By now she’d hit double-digits. I was on my belly, trying to pull around, trying to cover my backside, afraid to roll over and have my genitals hit with the switch. I was not ready for that kind of CBT, and she wasn’t holding back — my cock would have been destroyed. But my ass wasn’t faring much better. I begged her to stop. “No,” she said calmly, bringing the switch down.

“The ballgag!” I shouted, ashamed of my yelping. I was not being very hardcore or heroic — I was just crying out with every shot. “Please, just let me have the ballgag!”

I had no idea how many shots I’d taken, but I could hear the “whoosh” of the switch and the razor-sting of it hitting me. “No ballgag!” she said.

And then the switch stopped for a moment. If I had to guess, we were closing in on thirty shots. My back was on fire. Tears were in my eyes, and my cock, which normally stands erect during a beating, was limp underneath me. I think I was close to just crying.
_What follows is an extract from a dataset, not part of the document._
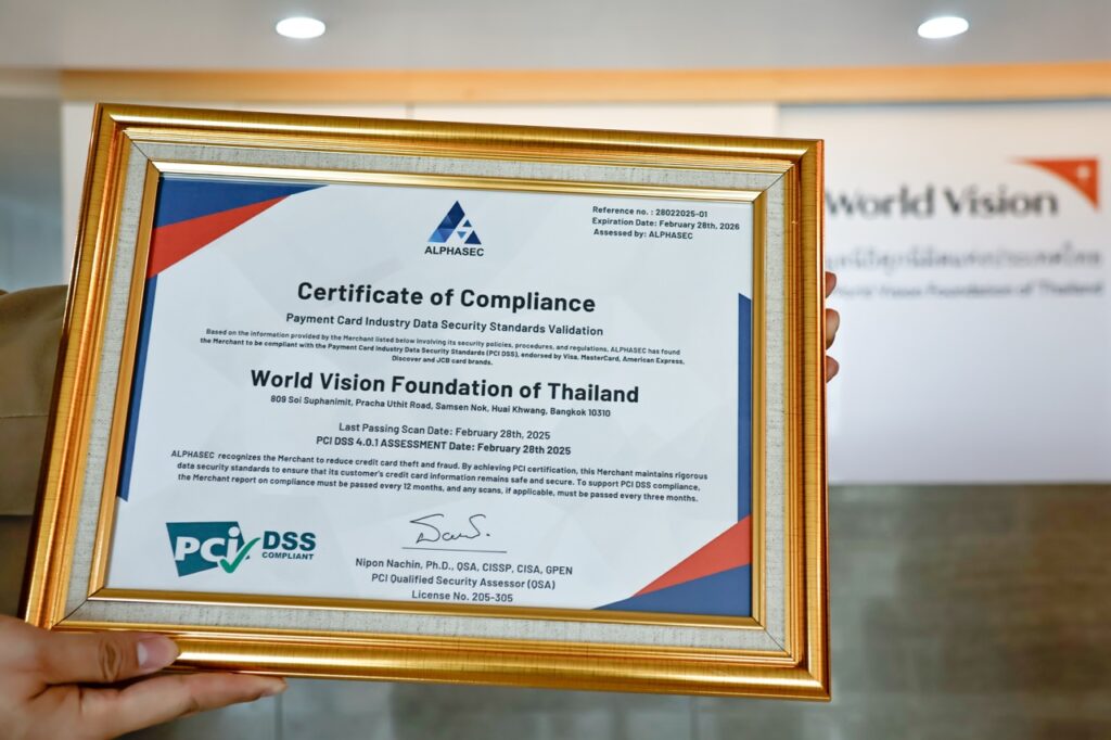 ผู้บริจาคจึงสามารถมั่นใจได้ว่า เมื่อท่านบริจาคผ่านมูลนิธิศุภนิมิตแห่งประเทศไทย ทุกการบริจาคไม่เพียงจะถูกนำไปใช้อย่างมีประสิทธิภาพเพื่อช่วยเหลือเด็ก ครอบครัว และชุมชนที่เปราะบางยากไร้ที่สุด แต่ข้อมูลส่วนตัวและข้อมูลทางการเงินของท่านยังได้รับการปกป้องด้วยมาตรฐานความปลอดภัยระดับโลกอีกด้วย

Then she offered up the exit: “You could always use the safeword,” she said slyly. “If it’s too much for you…”

I don’t safeword. I don’t want to. I want to bear up under the pain, I want to be strong and indomitable, I want my submission to be by choice, my actions my own as a gift to her. I want to give myself freely and out of strength. I do not want to be a creature of stinky-animal-fear, afraid of pain, weak and cringing. I know that’s not what safewords are about, but I prided myself on not using one yet. But then she started swinging the switch again, and three or four shots into this next round, I just cried out the safeword. Cried it out like a falling man reaching for a handhold, surprised to hear it out of my mouth, praying there’d be relief. Needing her to stop.
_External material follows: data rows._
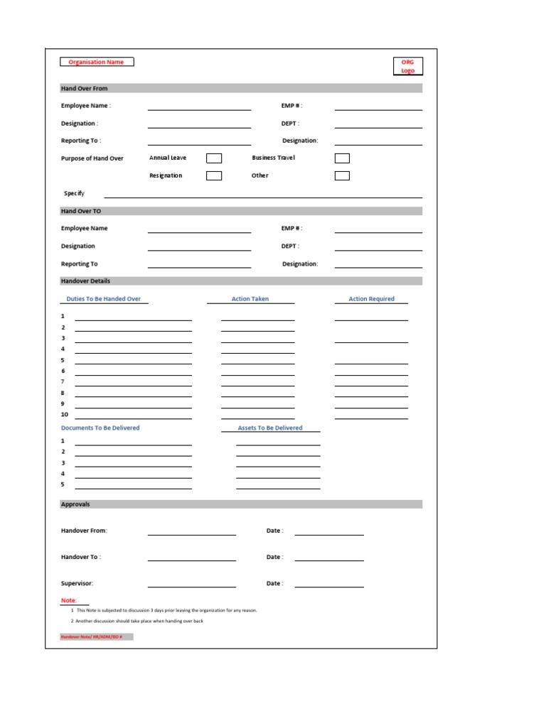 Free 5 Handover Note Templates In Pdf Ms Word Excel
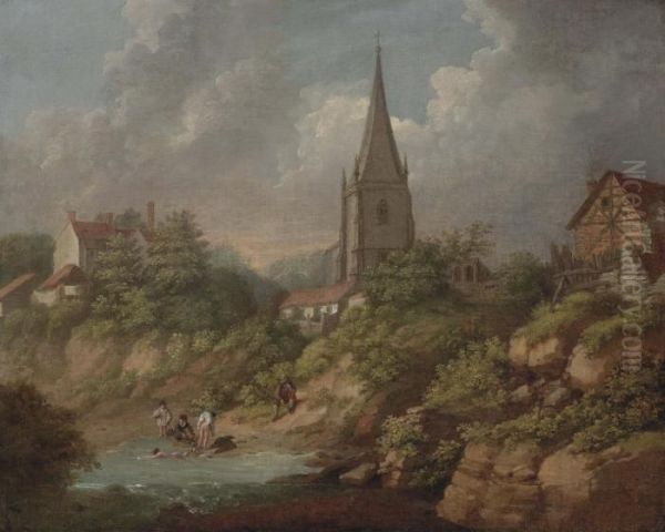 A View Of Monmouth With The Church Of St Mary's, Bathers In The Foreground
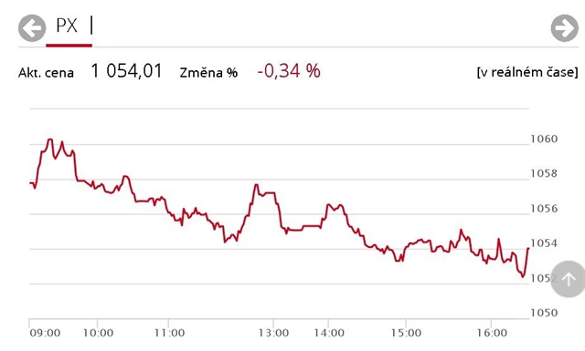 Pražská burza ve čtvrtek poprvé v tomto týdnu klesla, index PX oslabil o 0,34 % na 1 054,01 bodu. Dolů ho táhly Komerční banka s Erste Group Bank, stejně jako akcie likérky Stock Spirits. Zobchodovaný objem čítal 266 milionů korun.
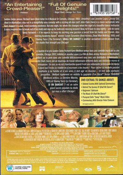 Golden Globe winner Richard Gere (Best Actor In A Musical Or Comedy, CHICAGO, 2002; UNFAITHFUL) and Jennifer Lopez (JERSEY GIRL, MAID IN MANHATTAN) step out in a delightfully sexy comedy with a sizzling all-star cast! John Clark (Gere) is a meek workaholic who feels trapped in a dull, mind-numbing existence. But one night, his whole life changes when the sight of a beautiful dance instructor (Lopez) inspires him to break out of his mold and sign up for ballroom dancing lessons! Now, he'll have to step lightly -- and do some fancy footwork -- if he expects to keep his exciting new passion a secret from his family and friends. Also starring Academy Award(R) winner Susan Sarandon (Best Actress, DEAD MAN WALKING, 1995) and Stanley Tucci (THE TERMINAL), SHALL WE DANCE? is another acclaimed crowd-pleaser from the studio that brought you CHICAGO! Le lauréat d’un prix Golden Globe Richard Gere (Meilleur acteur dans une comédie musicale ou une comédie, Chicago, 2002; Infidèle) et Jennifer Lopez (La Fille du New Jersey, Romance a Manhattan) brillent sur la piste dans une comédie délicieusement sexy avec une distribution éblouissante! John Clark (Gere) est un bourreau de travail débonnaire enfermé dans une existence morne et ennuyeuse. Un soir, sa vie est chambardée quand il voit une séduisante professeure de danse (Lopez) qui l’incite à s’évader en s’inscrivant à des leçons! Pour cacher sa nouvelle passion exaltante à sa famille et à ses amis, il doit agir en douceur… et non sans quelques pirouettes. Mettant également en vedette la gagnante d’un Oscar Susan Sarandon (Meilleure actrice, La Dernière Marche, 1995) et Stanley Tucci (Le Terminal), Si On Dansait? est un autre grand succès populaire du studio qui vous a offert Chicago!
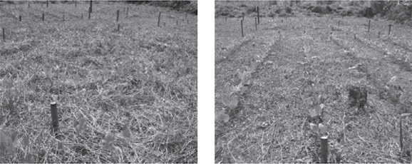 semilla en cada parcela, la cual fue cortada, picada y tapada con función de una cama se siembra, en el caso del método al voleo (Foto 2).
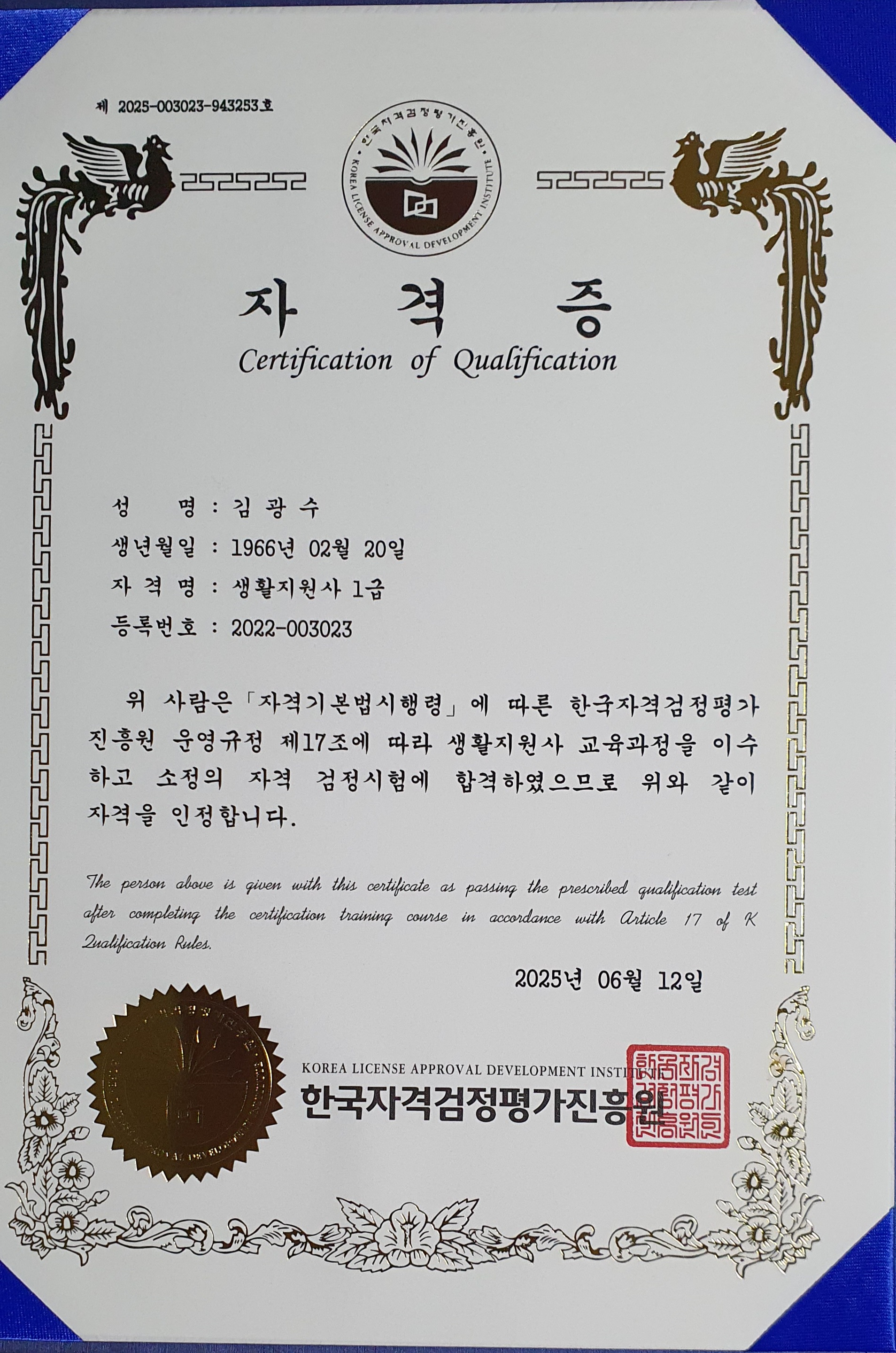 현재 장애인활동지원을하고 있고 사회복지사2급 실습 받을때에 생활지원사분들이 활동하고 계시다는것을 알게 되어서 자격증을 취득신청하게 되었습니다 사회복지사 강의 내용과 유사한 내용이 많아서 접근이 쉬웠습니다 활용을 잘 할 수 있도록 하겠습니다 감사합니다
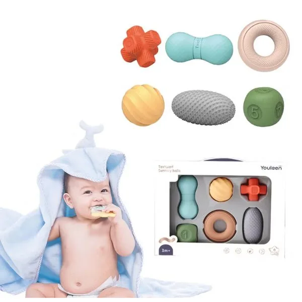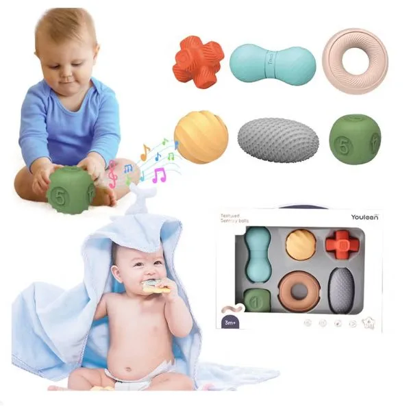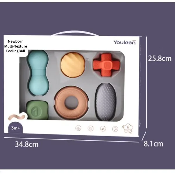 Youleen Newborn Multi-Texture Sensory Ball is a soft and engaging developmental toy designed to stimulate babies’ senses through touch, movement, and exploration. Featuring multiple textures and easy-to-grip surfaces, this Montessori-inspired toy encourages tactile discovery and early sensory learning. Perfect for infants aged 3 months and above, the lightweight design helps babies practice grasping, rolling, and hand coordination while promoting fine motor skill development. The soft material ensures safe play for little hands and curious explorers. Ideal for early learning and sensory development, this touch-and-feel toy supports cognitive growth through interactive play.

And the pain stopped…I wanted to weep in relief.

5 Responses to “The Safe Word, part 1.”

  1. Songs Says:

    Heh..I remember when Bear asked me to wrap up his balls in pvc tape :D
    I don’t like safewording too. I wanna take it.
    -Songs

  2. BBW Switch Says:

    You pushed, she did the right thing.

  3. MrsKeeper Says:

    She sounds a bit like Me, on the ADHD bit. (”ADHD for the dominant” made Me giggle *G*) We’re sometimes a bit strung for variety in our living situation, so I like to mix things up, and not let lsb get toooo comfy.
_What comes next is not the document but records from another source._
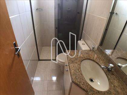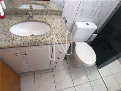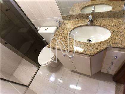 - Banho suíte com piso em cerâmica, paredes azulejadas até o teto, bancada em granito e box blindex, com armários sob bancada;
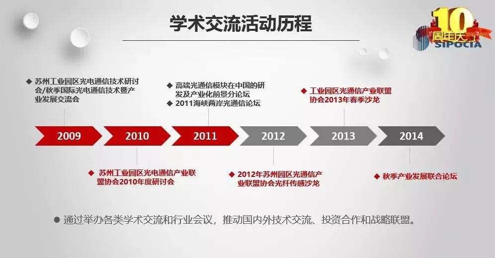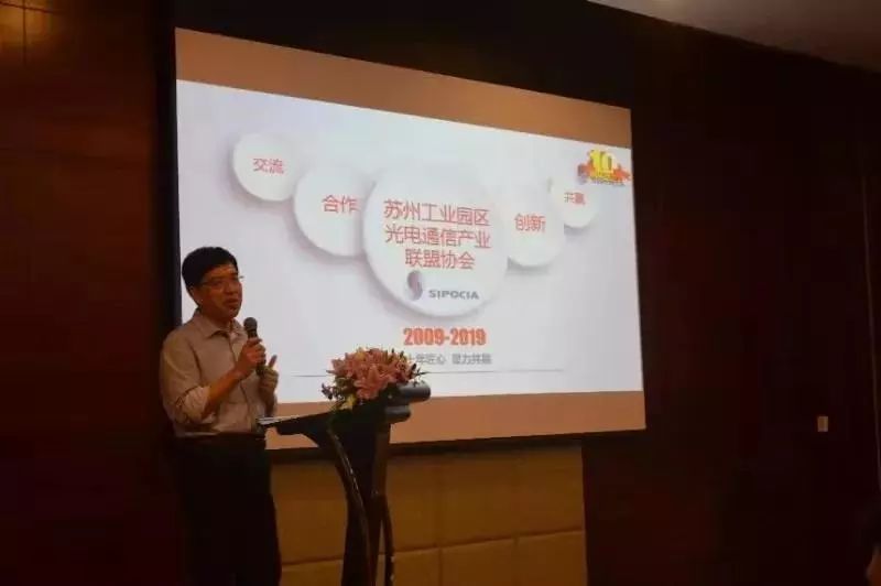 金秋十月,涼風(fēng)送爽。10月18日,蘇州光電通信產(chǎn)業(yè)聯(lián)盟協(xié)會(“SIPOCIA”)2019年度高峰論壇暨改選大會于10月18日下午在蘇州盛大舉辦,今年又恰逢協(xié)會成立十周年,大會有來自會員中際旭創(chuàng)、蘇州天孚、東捷光電、Ⅱ-Ⅵ、海光芯創(chuàng)、蘇納光電、海拓儀器及蘇州工業(yè)園區(qū)科技發(fā)展有限公司等30多家企事業(yè)單位近百名嘉賓代表齊聚一堂,就光電通信行業(yè)最新技術(shù)和市場話題進(jìn)行探討和交流,共同慶祝協(xié)會成立十周年。
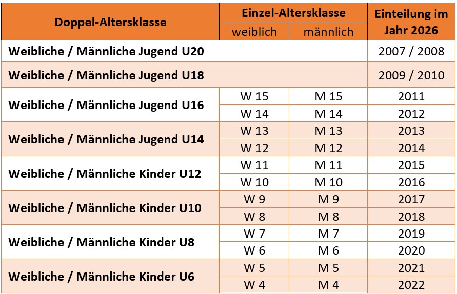 Bei den Kindern und Jugendlichen werden jeweils zwei Geburtsjahrgänge zu einer Altersklasse zusammengefasst (U10, U12 usw.). Bis zur U16 gibt es zudem auch Wertungen in den einzelnen Jahrgängen (W12, W13 usw.) - so setzt sich bspw. die weibliche U14 zusammen aus der W12 und der W13. In der U18 und der U20 gibt es keine Jahrgangswertung mehr, sondern nur noch die „Doppel-Altersklasse“.

    I think it’s so hard to resist, sometimes, pushing the line - no matter who we are or what the dynamic is of the situation (child/parent, sub/Dom(me), employee/employer) - it’s just so tantalizing. Now you know what the result is!

  4. undertheboot Says:

    You pushed, she did the right thing.

    Did she? I’m not saying she didn’t, but I’m oddly disconnected from what goes through her mind. I don’t know what happened really — one minute, I’m horsing around, and the next, I’m being beaten in a rage.

    I don’t understand her: I think that gives her power and an unexpectedness that keeps me so off-balance.

  5. undertheboot Says:

    She sounds a bit like Me, on the ADHD bit. (”ADHD for the dominant” made Me giggle *G*) We’re sometimes a bit strung for variety in our living situation, so I like to mix things up, and not let lsb get toooo comfy.

    I like it. She gets nervous that she’s too random, when we discuss it afterwards, but I like the unpredictability — it’s a sign that she’s really running the show.